### Work item
Return the data that follows exactly as it appears. Pictures do not belong in the copy.

### Data segment
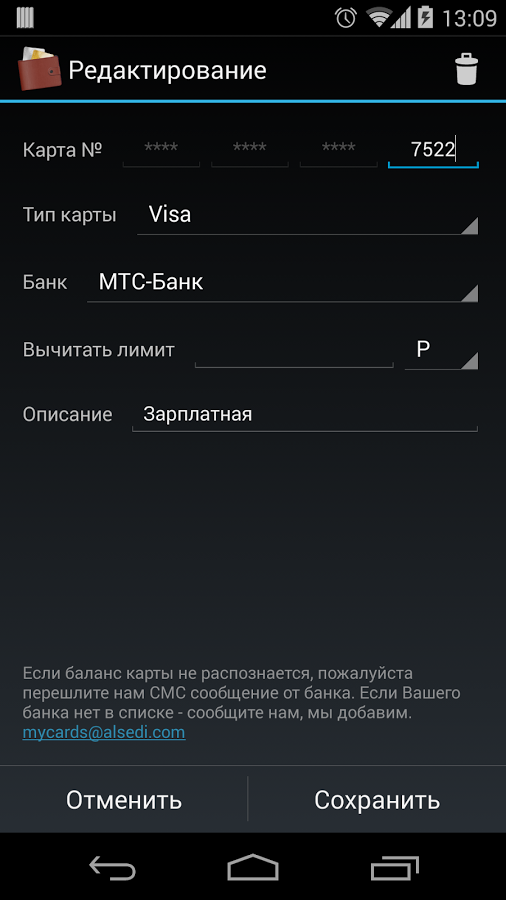 Мои Карты - балансы всех Ваших кредитных карт в одном месте в удобном виде.
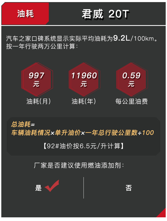 20T车型使用92号汽油,按一年行驶2万公里计算,则2万公里总油耗费用为11960元,推算出每个月油耗费用约为997元。
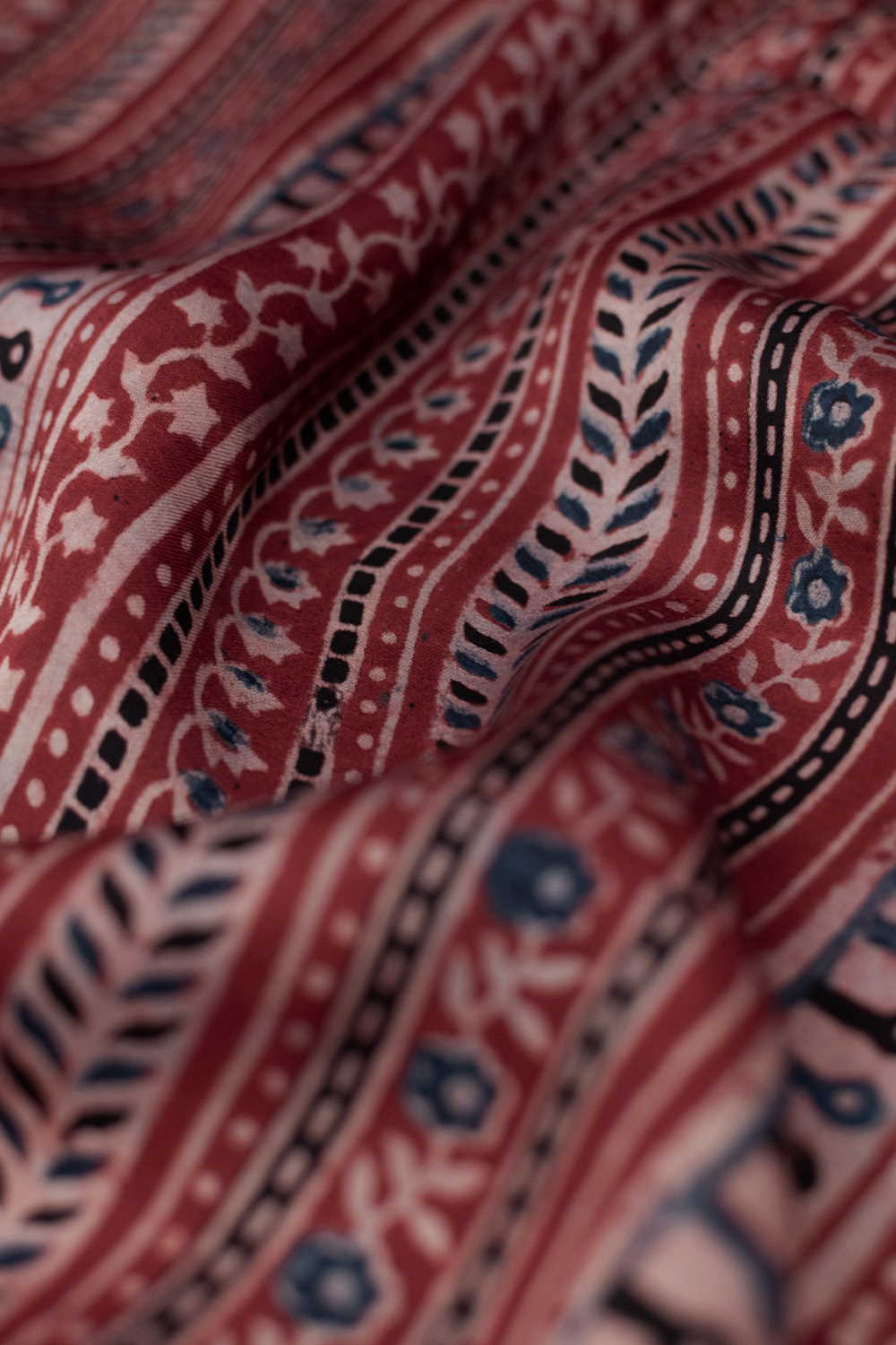 Maroon Patterned Ajrak Modal Silk Fabric

### Exercise solution
 Мои Карты - балансы всех Ваших кредитных карт в одном месте в удобном виде.
 20T车型使用92号汽油,按一年行驶2万公里计算,则2万公里总油耗费用为11960元,推算出每个月油耗费用约为997元。
 Maroon Patterned Ajrak Modal Silk Fabric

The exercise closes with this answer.